Transperceneige, apocalyptique jusqu’au bout !

C’est l’histoire d’un futur où les rescapés de l’humanité sont entassés selon leurs classes sociales dans un train fou qui déchire le silence d’un univers blanc, froid et glacé… Le premier tome de cette bouleversante série fut publié en épisode dans A suivre entre 1982 et 1983 pour sortir en album un an plus tard. Mais il faudra plus de trente plus de 30 ans pour la réalisation de 4 albums : cela en valait–il la peine ?

Jean-Marc Rochette au dessin et Jacques Lob au scénario avaient d’emblée réussi un chef-d’œuvre de la BD SF ou plutôt ce genre aujourd’hui très tendance que l’on nommeCLI FI (Climatique Fiction). Décrire un univers post apocalyptique, d’autres l’avaient déjà fait. Un monde désert, des bâtiments en ruine, une civilisation balayée...  Et puis quoi? Suffisait-il d’y ajouter un train plus dément qu’une prison de haute sécurité pour créer un huit clos original?! D’y ajouter une infernale succession de portes qui vont permettre au héros Proloff de remonter ce train aux mille et un wagons?

Au fil des pages, on assistait impuissant, à la reconstitution parfaite d’une société dont les survivants de la cataclysme mondial sont parqués, saucissonnés, exploités selon une écœurante hiérarchie inégalitaire.

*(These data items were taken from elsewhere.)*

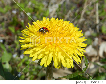 タンポポとテントウムシ
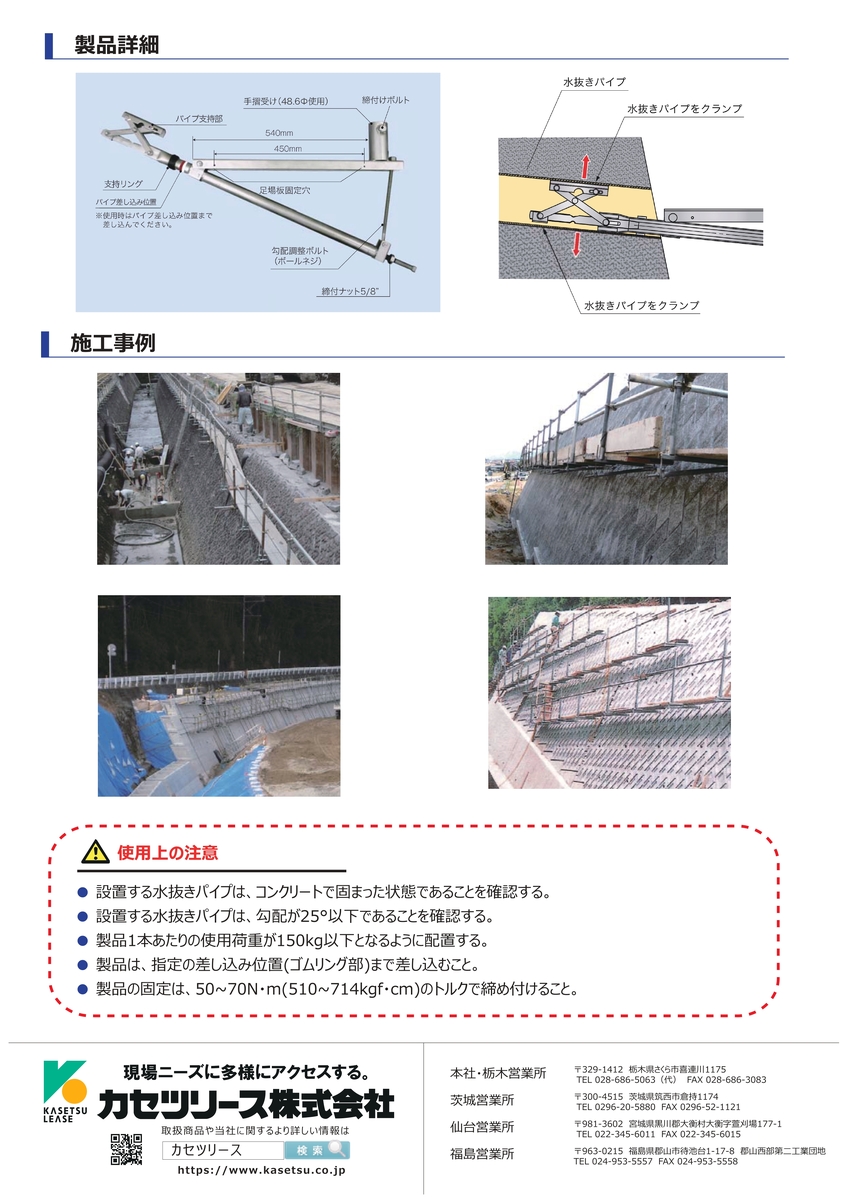 水抜きパイプ足場
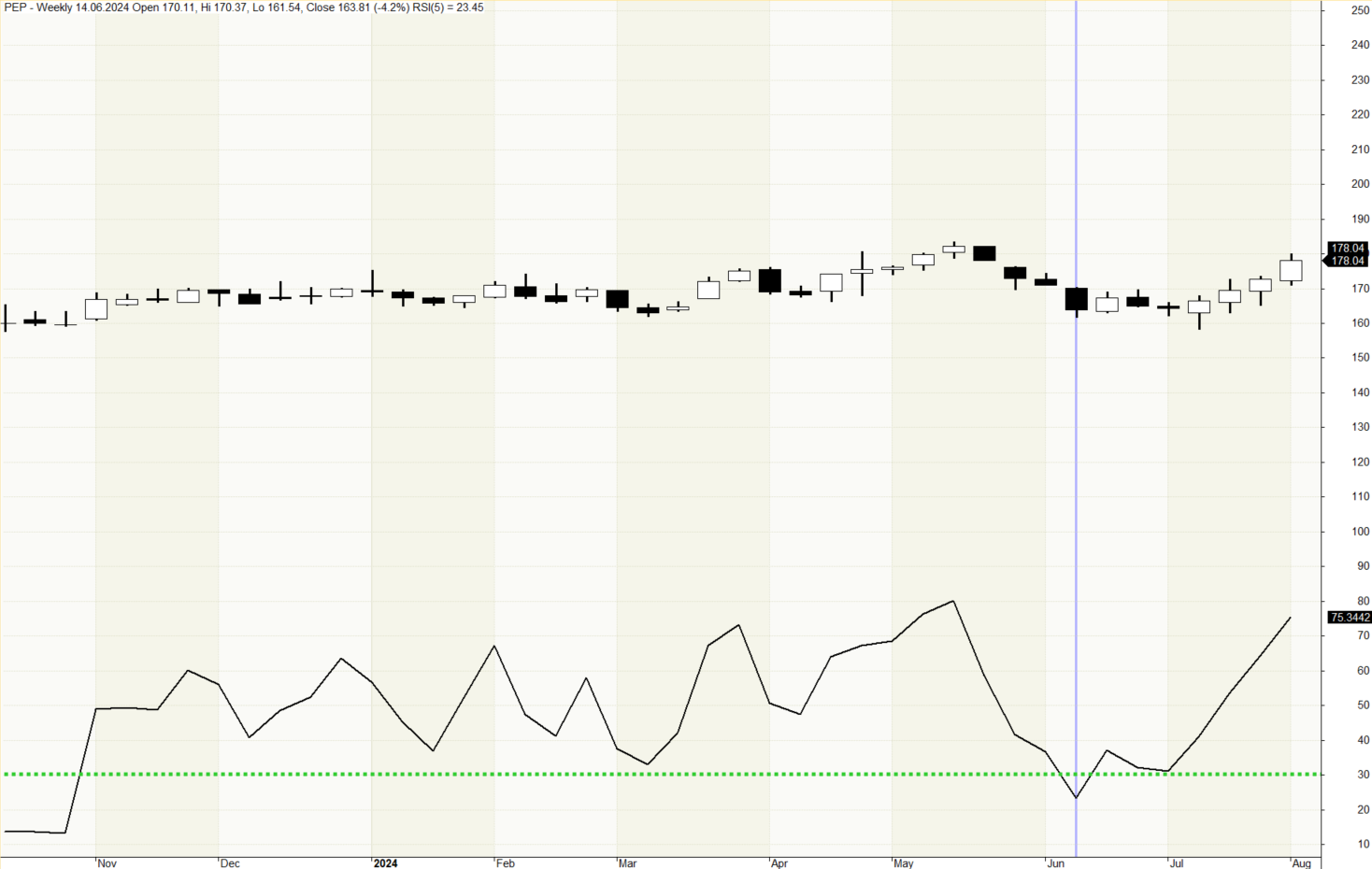 An example of a weekly chart of PEP stock with the RSI indicator calculated over a 5-day period applied. The area where the RSI drops below 30 can signal an attractive buying opportunity.
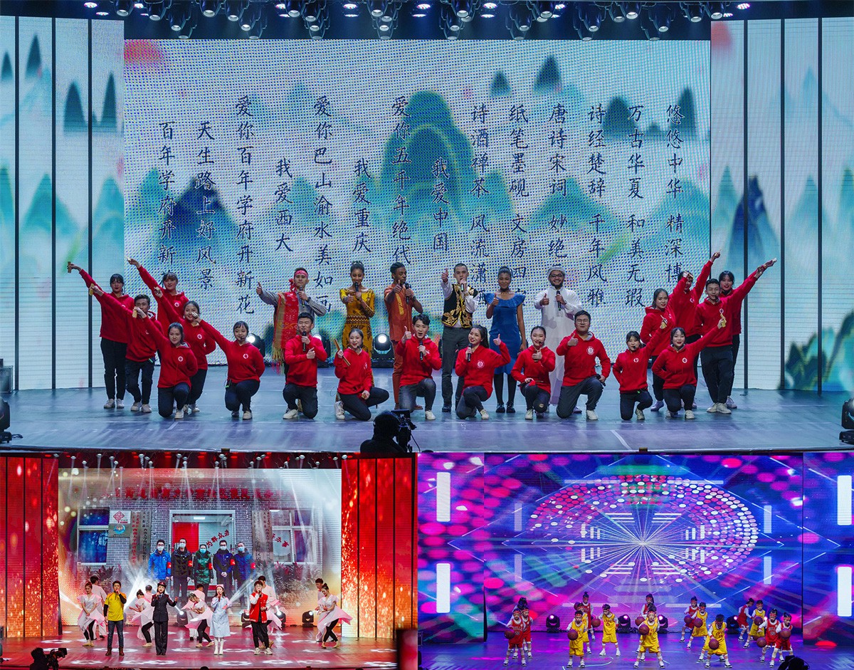 第一篇章“活力校园”由来自校学生艺术团、马克思主义学院和国际学院的中外学生带来原创快板《天生路上新风景》展开,快板打出了天生路上的新变化、新景观,也打出了Beat365中文官方网站的新风貌、新发展。实验幼儿园篮球宝贝和体育学院带来的《七彩青春》,绽放了活力少年的运动激情与艺术体操的曼妙唯美;第二篇章“战疫亮光”伴随着大提琴演奏以主持人的《抗疫颂》拉开序幕。在新闻传媒学院的情景诗歌诵读《春深似海,等你归来》《亲爱的母亲,坚强的中国》中,展现了西大人在抗击疫情中的铮铮风骨,诉出“生命至上、举国同心、舍生忘死、尊重科学、命运与共”的抗疫精神。音乐学院的原创歌舞《风雨同舟》,展现学校与国家、人民风雨同舟的使命担当;第三篇章“大地飞歌”磅礴开启,音乐学院独唱《醉美黄水》、学生艺术团歌舞《星光》演绎了西大人决战脱贫攻坚的初心与坚守,诠释了西大人“特立西南,学行天下”的大学精神;第四篇章“红色传承”以情景讲述《一份校史档案背后的故事》开幕,这是学校原创的“校史教育融入四史教育”节目,首次揭秘红岩烈士江姐到Beat365中文官方网站前身国立女子师范学院发展党员的佳话,以一份学籍档案袋作为线索,向观众讲述江姐鲜为人知的革命往事。随后,荣昌校区情景舞蹈《信仰》、附中师生歌伴舞《妈妈教我一支歌》、历史文化学院民族学院歌舞《中华一家亲》依次上演,传达了携手共同实现中华民族伟大复兴的坚定信念;晚会尾声,音乐学院师生阿卡贝拉人声合唱团饱含深情演唱《我和我的祖国》《走向复兴》,将整场晚会气氛推向高潮。
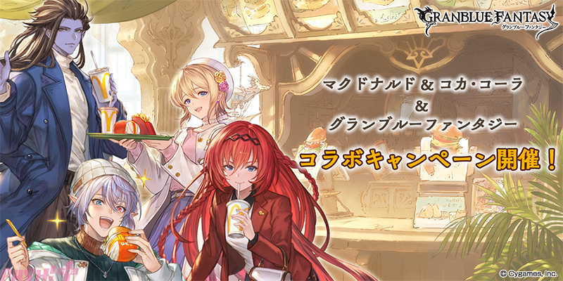 Cygamesは、サイゲームスの子会社である、デザイン制作・ゲーム企画事業を展開するCyDesignationとの共同制作によるソーシャルゲーム『グランブルーファンタジー(グラブル)』において、日本マクドナルドならびに日本コカ・コーラとのコラボレーションキャンペーンを開催します。
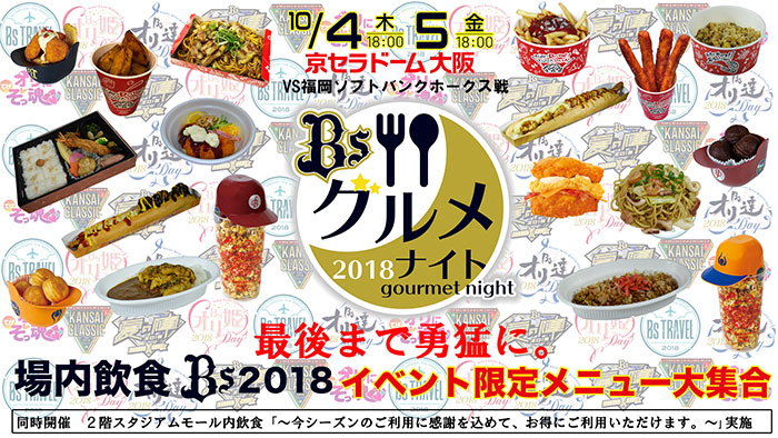 2018シーズンの最終戦シリーズとなる10月4日(木)、5日(金)にて、「Bsグルメナイト2018」を実施いたします。
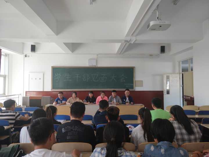 新学期到来之际,为进一步加强学生工作,确保迎新工作顺利展开,9月9日下午,经济与管理学院于博楼500教室召开了全体学生干部见面会。辅导员陈丽芳、谭彬,团总支副书记李臻,学生会主席韩桠洲、副主席包玉松、谭成宏,易班学生工作站站长顼娇及全体学生干部参加了会议。
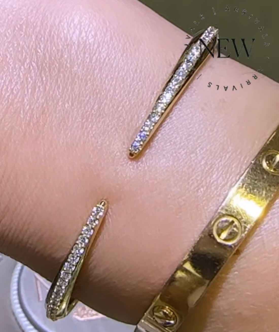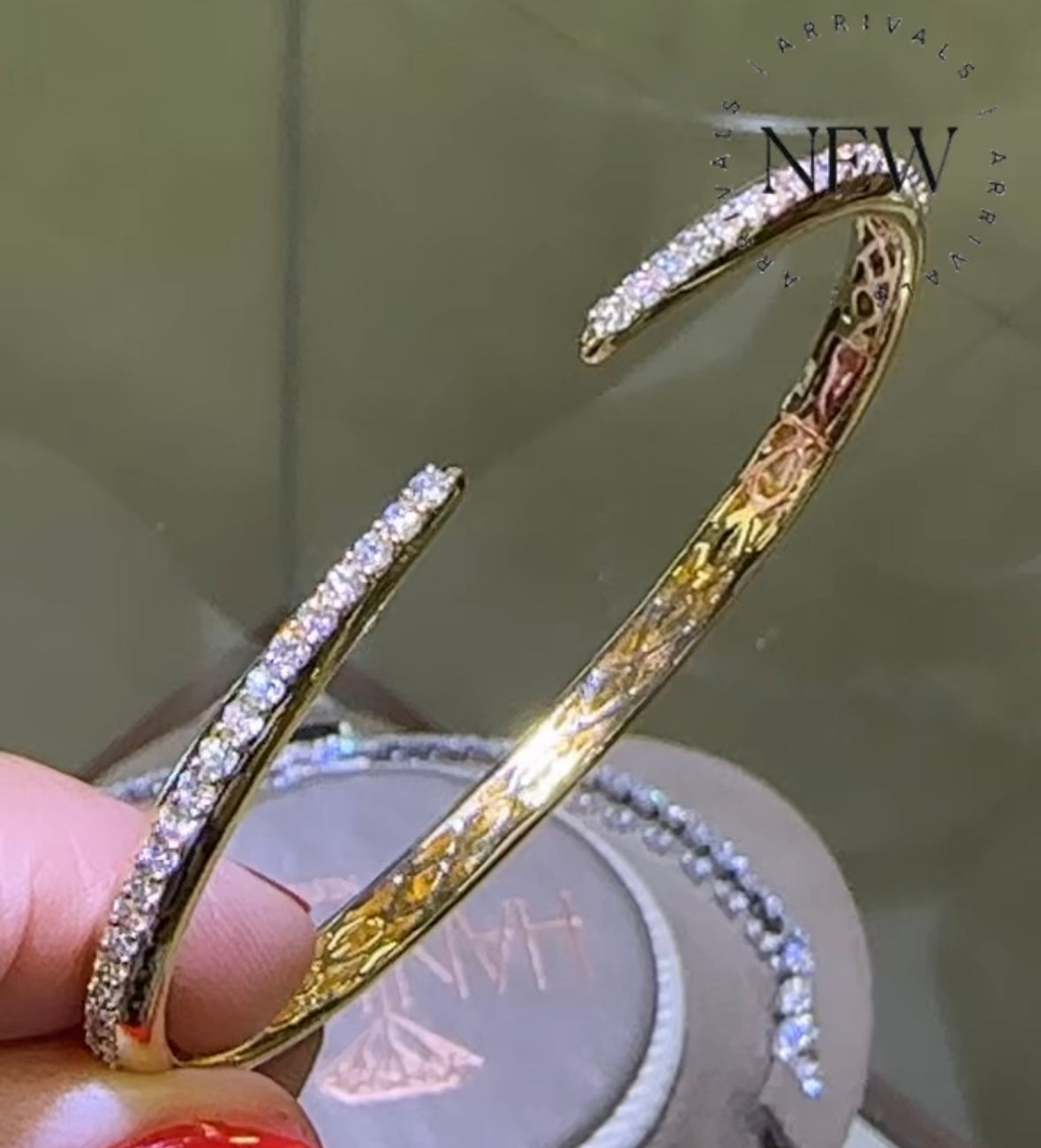 This dazzling Pave- set hinged diamond open wrap claw cuff bangle bracelet will add a sparkle to any look. Showcasing a range of bright and shimmering diamonds, it will draw attention and create a stunning display. Make your style unforgettable with this sophisticated bracelet!
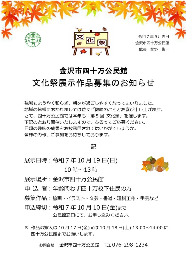 令和7年度 四十万公民館「文化祭」のご案内

L’injustice résonne dans notre inconscient collectif… Enfin, il y a ce rythme lancinant d’un train lancé à folle allure condamné à ne jamais s’arrêter.

Réussir à rendre ce récit haletant… de façon simple et efficace !  Un pari réussi par le scénariste Lob si bien assisté à l’époque par le talent du tout jeune Jean-Marc Rochette qui a remplacé au pied levé le génial Alexis décédé pendant la réalisation des premières planches. La force du trait optimalisé par le noir et blanc, les ombres bien placées, les visages expressifs, tout y est. La remontée de Proloff jusqu'à la locomotive prend le lecteur à la gorge. Lentement mais sûrement, cet tome 1 connaît un tel succès qu’il devient ce qu’on nomme un « album culte » ! En 2013, surprise ! Snowpierce, l’adaptation cinématographique par le réalisateur sud-coréen Joon Ho Bong fait le buzz avec près de 4 millions d’entrées en Corée et sept cent mille en France. Le film relancera d’ailleurs la série puisque sortiront dans la foulée les tomes 2 et 3, si peu reluisants qu’il vaut mieux les passer sous silence. Leur plus grand mérite sera sans doute d’avoir permis l’accouchement d’un dénouement avec un tome 4 nommé Terminus. Rochette est toujours là, explosant littéralement de talent cette fois associé à Olivier Bocquet qui relance un récit tout bonnement affolant…

« Terminus, tout le monde descend ! »

Pour trouver quoi ? Un monde étrange sous une centrale nucléaire qui fuit, un nouveau leader pour la communauté du train. Laura Lewis qui remplace le conseiller Brady lynché par son peuple. Un couple de docteurs fous jouant avec la génétique, fondateur de cet étrange parc du bonheur et une belle histoire entre Puig et Val. Alors oui, ce Terminus colle à la peau, nous déchire à nouveau les entrailles, parabole si apocalyptique de notre l’actualité. Lutte sociale, crise des migrants, avenir incertain… A se demander si on nage encore dans la SF ! Les auteurs militent clairement contre le nucléaire. Mais chacun referme l’album remué. Tout est fort, touchant, expressif, le dessin, l’alternance des couleurs… Il était pourtant délicat d’achever une série née il y a presque trente ans. Le lecteur risque de lâcher prise. Hé bien, non… C’est vraiment un grand voyage qui marque pour longtemps.

Terminus, Transperceneige T 4, Chez Casterman,  232 pages qui se dévorent comme une bourasque. ISBN :978-2-203-08941-9

NB: S’il est préférable de lire la série dans son intégralité, Terminus se lit très bien comme une seule histoire, exactement comme le tome 1 en son temps.